## Exercise directions
Would you repeat exactly the part of the listing below that runs from the line containing "Product name: AS" down to the line containing "艷陽高照,晴空萬里。6月11", inclusive, and nothing else?

## Input
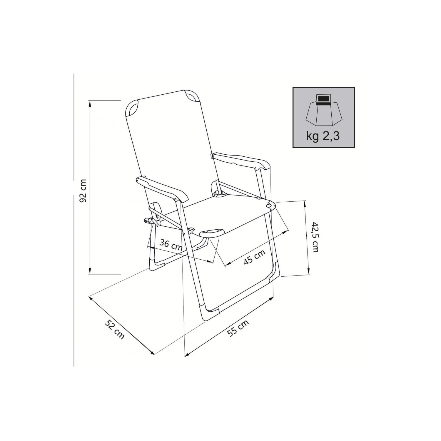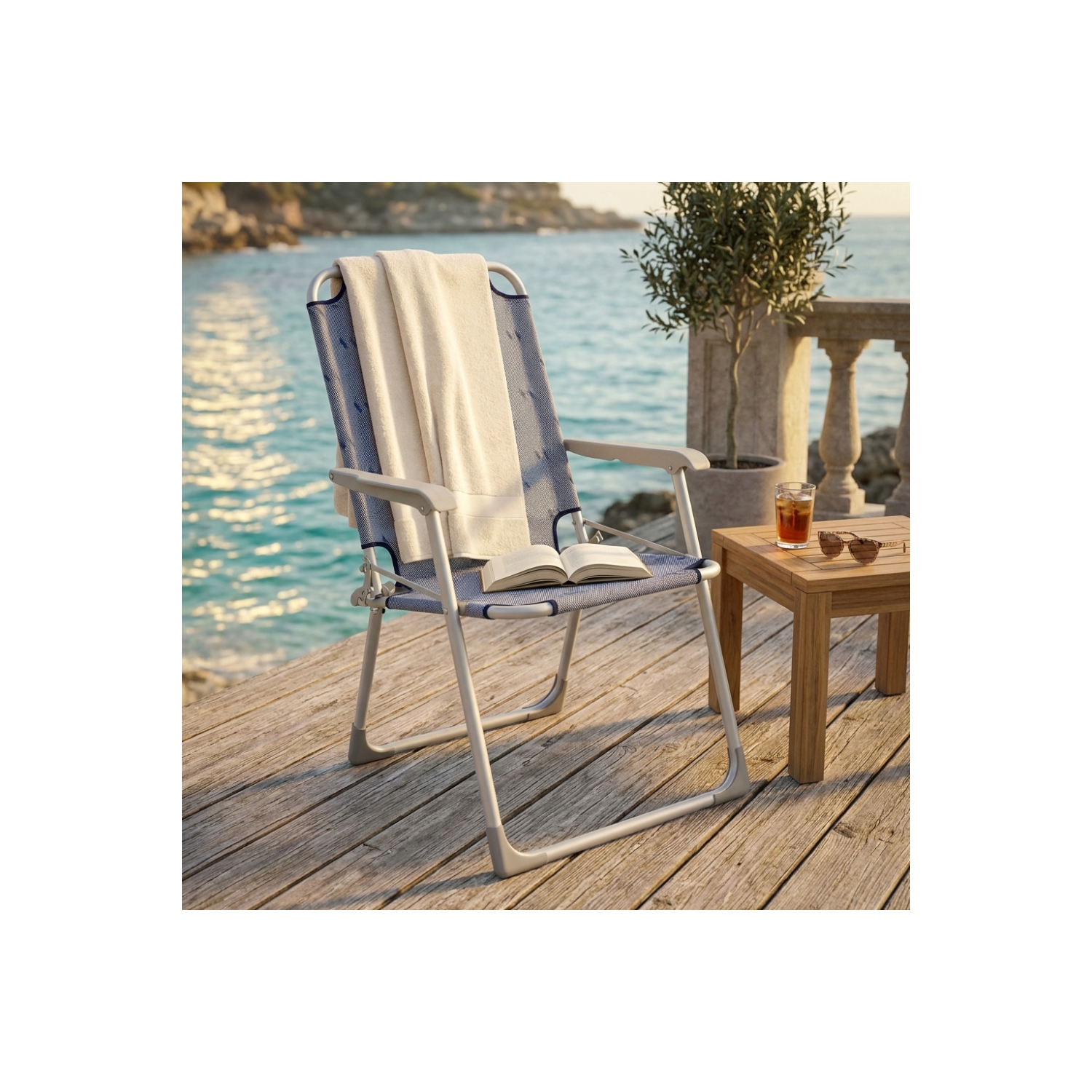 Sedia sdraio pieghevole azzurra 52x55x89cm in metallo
==
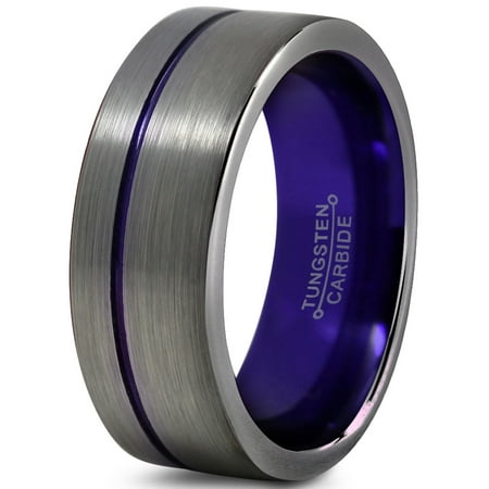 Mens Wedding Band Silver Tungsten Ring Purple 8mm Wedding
---
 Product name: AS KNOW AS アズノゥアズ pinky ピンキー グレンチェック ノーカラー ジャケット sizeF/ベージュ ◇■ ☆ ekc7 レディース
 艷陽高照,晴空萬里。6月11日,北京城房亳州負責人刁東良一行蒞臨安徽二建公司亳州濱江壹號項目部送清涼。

## Your response
 Product name: AS KNOW AS アズノゥアズ pinky ピンキー グレンチェック ノーカラー ジャケット sizeF/ベージュ ◇■ ☆ ekc7 レディース
 艷陽高照,晴空萬里。6月11日,北京城房亳州負責人刁東良一行蒞臨安徽二建公司亳州濱江壹號項目部送清涼。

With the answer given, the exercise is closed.